Abdel Moneim Said, head of Cairo’s Al-Ahram centre for political and strategic studies, a non-official think tank, said it was crucial Mubarak remained in charge to shepherd through reforms he had championed and that have been the subject of intense discussion among intellectuals and politicians in recent months.

He said “the event” of Mubarak faltering before parliament “will accelerate this discussion.” Only Mubarak, the think tank chief said, has the clout to transform talk of such reforms – including ushering in direct and competitive presidential elections – into reality.

Parliament, controlled by Mubarak’s National Democratic Party, now nominates one presidential candidate who then is presented to the public for a “yes” or “no” vote, a system that has allowed Mubarak a firm hold on power since he succeeded the assassinated Anwar Sadat in 1981.

Other reforms under discussion include allowing more open debate and freedom for opposition parties. Mubarak has yet to act on a pledge in September to cancel most emergency measures that since Sadat’s assassination at the hands of Muslim extremists have curtailed freedom of speech and other basic rights.

“I think these questions should be on the agenda now and I think many people are discussing them” in the wake of seeing Mubarak ill in public, said Gehad Auda, a pro-democracy activist and political scientist at Cairo’s Helwan University.

Mubarak’s health, along with other aspects of his personal life, is rarely raised in public and his official appearances are carefully staged.

In the days following the interrupted speech, Mubarak cancelled appearances at two ceremonies marking the Muslim holy month of Ramadan and a meeting with Cabinet ministers. Yesterday, he flew to the Red Sea resort of Sharm el-Sheik, where he was expected to spend several days resting.

The sight of an ailing president – and his having dropped out of sight since - were worrisome, but didn’t send Egyptians into the streets. Most seem to accept - or are at least unwilling to publicly challenge – the official line he will soon recover from a minor illness.

The Egyptian media, most of which is official or heavily influenced by the state, has largely confined itself to reassuring the public Mubarak is fine or lauding him as “a symbol of steadfastness, hope and peace,” according to the daily newspaper Akhbar Al-Youm.

Reform will eventually mean a more open, wider public debate, but for now, it is a matter for the elite, activist Auda said. He added he believed reform had been embraced by powerful Egyptians, including Mubarak and his influential 40-year-old son Gamal.

Auda said outside pressure was responsible for some of the momentum for reform.

In a major foreign policy speech last week that echoed themes he and his aides have been sounding for months, US President George W. Bush proposed democracy as the antidote to the Middle East’s “stagnation and anger and violence,” and pledged to “expect a higher standard from our friends in the region.” Washington has long been closely allied with Cairo and Mubarak.

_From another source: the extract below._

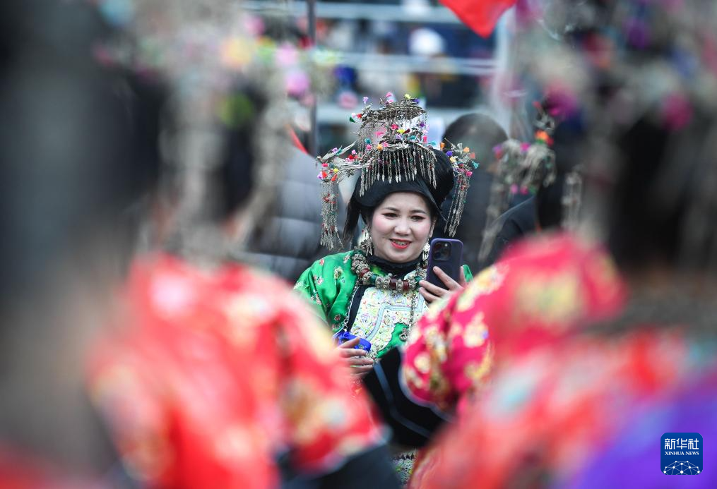 1月2日,侗族群众在第四届贵州“村超”开幕式现场整理头饰。新华社记者 杨文斌 摄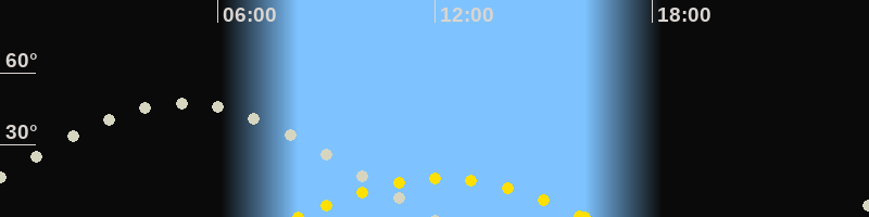 Höchster Sonnenstand (Kulmination)12:11 Uhr (h = 16°)

Gamal Mubarak, portrayed as the forward-looking force pushing his father’s promised reforms, is an increasingly visible power. Father and son deny Gamal Mubarak is being groomed as the next president. But Hosni Mubarak has no official successor – he has refused to name a vice president as the constitution requires.

Gamal Abdel Nasser, the charismatic military man who toppled Egypt’s monarchy, had a vice-president. Mubarak was the vice-president of Nasser’s successor Sadat.

“Every president has his own way,” government spokesman Taha Abdel-Alim said today. “Maybe Mubarak is thinking another way, or maybe he will at any time name a vice-president.”

Without a vice-president, the constitution sets out the speaker of parliament would take over in an emergency until a new president could be nominated by parliament and approved by the people.

“Don’t worry about Egypt. It’s a very stable state,” spokesman Abdel-Alim said.